According to Campbell, index insurance, also known as parametric insurance, has been around for close to 17 years and is slowly taking root in Kenya, Zimbabwe and other African countries. With this experience, countries can now share experience about how it works and what needs to be improved.
A common example, Campbell told IPS, is of a remote rural farmer who buys seed, uses his mobile phone to take an image of the barcode on the seed pack and sends it to the insurance company to buy insurance. "When the rain fails, they can get the payment back as insurance," Campbell explained.
It is estimated that sixty farmers in Kenya are registered under the index insurance schemes being rolled out with help of insurance firms partnering with mobile phone operators.
Reducing risk
David Muigai, an Actuarial Officer with Sygenta Foundation For Sustainable Agriculture said their experience in East Africa has shown that index insurance offers affordable insurance and has helped farmers to benefit from agriculture. "We have managed to serve over 1.3 million farmers. So we have proved that index insurance is scalable. But the key challenge is financial education for the farmers and the regulatory environment regarding use of technologies like mobile phones to provide the services."
Zimbabwe's mobile network, Econet Wireless, is providing services offering climate-based insurance to farmers via SMS and voice-based messages. "They also ensure that you shouldn't just sell insurance. It should be bundled with other things like agricultural advisories and funeral policies," explained Campbell, also resident in Zimbabwe.
Uganda is among the African countries that have just introduced an index insurance scheme run on a public-private partnership basis between insurance firms, the insurance regulatory authority and the Central Bank of Uganda, which holds the money. The Government of Uganda allocated a $2m budget this financial year to provide a 50% premium subsidy to smallholder farmers. Under the same scheme, large-scale farmers are given 30% premium subsidy.
"By so doing we think we are going to increase production and productivity of the farmers. The farmers are going to get bankable and we are reducing the risk of the financial institutions to the farmers. They are coming out to lend money to the farmers because they know that their money is secure," said Musa Lukwago, a senior economist with Uganda's Ministry of Finance.

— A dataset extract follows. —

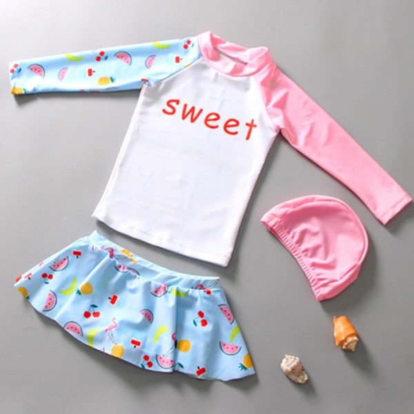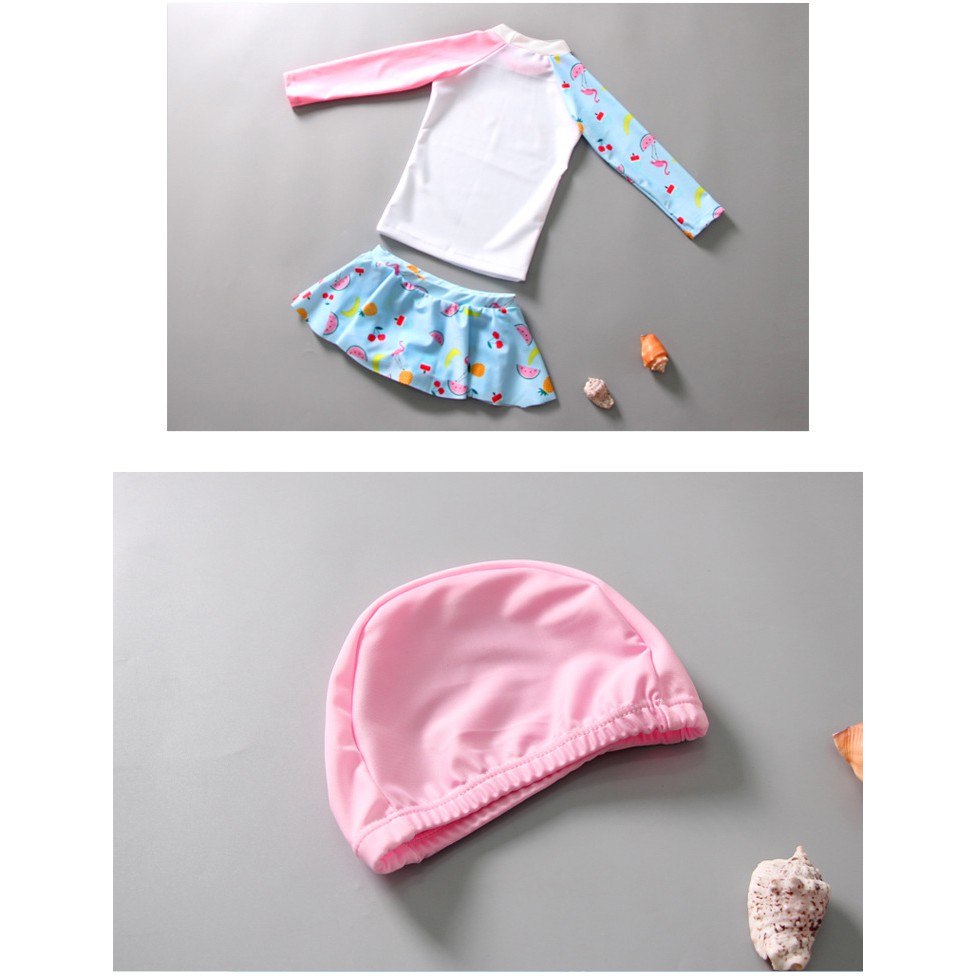 消暑西瓜紅鶴長袖泳裝+泳褲褲裙+泳帽 3件式 水母衣 女童 防曬 長袖 泳衣 橘魔法 現貨【BB9754】

Lukwago said the elite are being attracted to livestock and crop farming because they know they are covered under the index insurance scheme. He gave the example of a retired civil servant who invested his employment gratuity in growing passion fruit. "There was drought and the farmer lost the entire crop. He was found dead the following day. We believe he would still be alive if he had insurance," Lukwago narrated.
Farmer sensitisation, convincing needed
But the reviews on index insurance remain mixed.
According to Lukwago, there is a need for a lot of farmer sensitisation. "You must convince the farmers that it works. They must see the benefits. If there is a season hit by drought and the insurance companies are not paying, expect a decline the next season."
Based on Uganda's experience, Lukwago added that index insurance requires a lot of meteorological data. "You need to put up weather stations to measure climatic changes, you must domesticate the products. Some of the concepts from the Western world may not work in our local situations."
Muigai said challenges remain in persuading insurance regulators and Central Banks in East Africa to accept text messages as evidence of insurance purchases. Kennedy Tesfam, from the International Maize and Wheat Improvement Centre in Addis Ababa is of the view that while index insurance has been in Africa for quite a while it is not taking off.
Tesfalidet Hagos, managing director at Ethiopia's Luna Exports Slaughterhouse Plc said his organisation has tried index insurance in the vegetable sector and hopes that it can work in livestock production.
"The most important thing we are trying to achieve is to increase the income of the farmers. If we can ensure better productivity of the farmers, they will have better income and therefore take insurance. We want to begin with the root cause. And I believe the root cause of everything in Africa is poverty," Hagos said.